Edge-preserving noise for diffusion models
Jente Vandersanden, Sascha Holl, Xingchang Huang, Gurprit Singh
TL;DR
This work introduces edge-preserving diffusion, a content-aware generalization of isotropic diffusion, by employing a forward hybrid process that initially preserves edges and gradually transitions to isotropic noise. The forward process uses a transition function $τ(t)$ with a transition point $t_Φ$ and a time-varying edge sensitivity $λ(t)$ to modulate noise based on image structure, while training optimizes a network to predict non-isotropic noise with a loss $L = || f_θ(x_t,t) - σ_t ε_t ||^2$. Backward posteriors and training are adapted to this non-isotropic setting, using tensor variances and a corresponding analytic update, enabling faster convergence and better learning of low-to-mid frequency content. Empirically, the method yields up to 30% improvements in FID and CLIP scores across unconditional and shape-guided tasks, including stroke-based generation, with minimal computational overhead.
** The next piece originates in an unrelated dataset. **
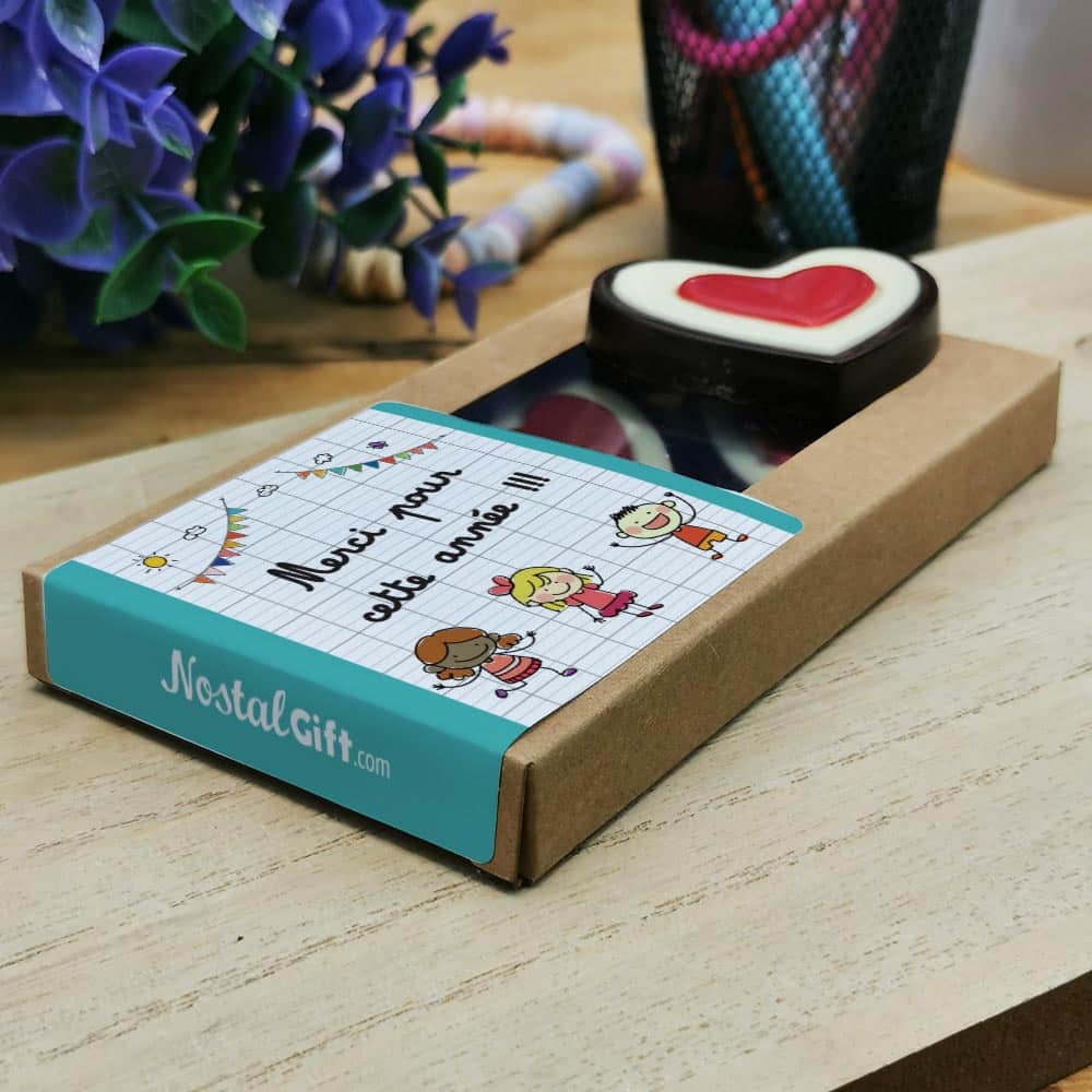 Nostalgift.com, le site d’idée cadeau orignal et rétro, vous présente ses incontournables coeurs au chocolat noir de la collection «Dessin d’enfants». Faites plaisir à la maîtresse ou à votre nounou avec ces gourmandises ! C’est un cadeau à la fois gourmand et symbolique, qui fera chaud au coeur .
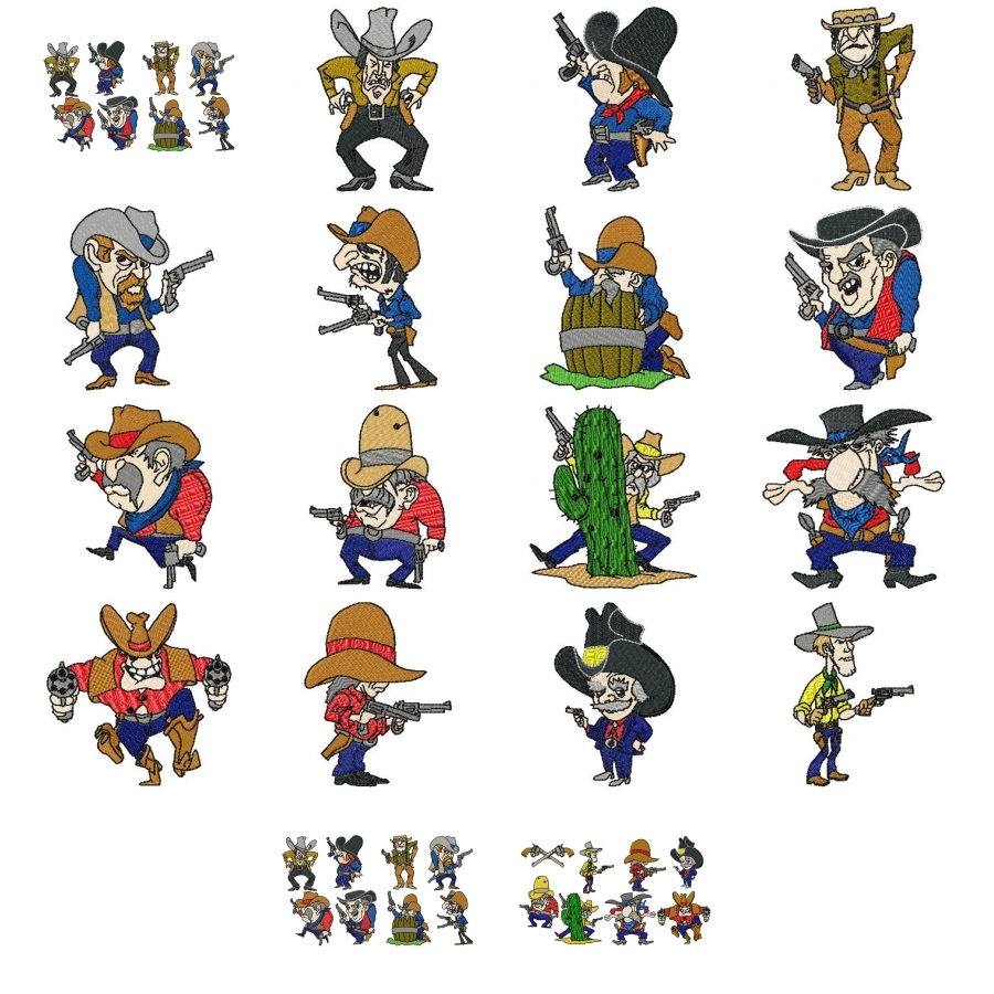 This is the second set of my new western series. Ready for the gun fight, these characters will be fun on many fun western themed projects. The fully filled in larger patterns would be great on a wall hanging, on a Kite or banner, sweatshirts, etc. They would be great on any article of clothing or quilt, or any other project you would like to create. Even quilt or clothes labels. I would love a photo to see how you have used these fun patterns. Please remember to hoop and stabilize well as some of these patterns are very large with fills. The colour choices on the sheet are from the brothers extended list but the actual sew-out colours are your choice. Please help yourself to the free 4x4 design, the other sizes are included in the set. I would love a photo of your finished projects using any of my designs. The jump free Penny work set is available under EO619_Do You Feel Lucky_BW Thanks and Enjoy, Beryl

Overall, edge-preserving diffusion improves structural fidelity and robustness, offering a practical enhancement to diffusion-based generation with strong potential for downstream editing and shape-guided synthesis.
Abstract
Classical generative diffusion models learn an isotropic Gaussian denoising process, treating all spatial regions uniformly, thus neglecting potentially valuable structural information in the data. Inspired by the long-established work on anisotropic diffusion in image processing, we present a novel edge-preserving diffusion model that generalizes over existing isotropic models by considering a hybrid noise scheme. In particular, we introduce an edge-aware noise scheduler that varies between edge-preserving and isotropic Gaussian noise. We show that our model's generative process converges faster to results that more closely match the target distribution. We demonstrate its capability to better learn the low-to-mid frequencies within the dataset, which plays a crucial role in representing shapes and structural information. Our edge-preserving diffusion process consistently outperforms state-of-the-art baselines in unconditional image generation. It is also particularly more robust for generative tasks guided by a shape-based prior, such as stroke-to-image generation. We present qualitative and quantitative results (FID and CLIP score) showing consistent improvements of up to 30% for both tasks.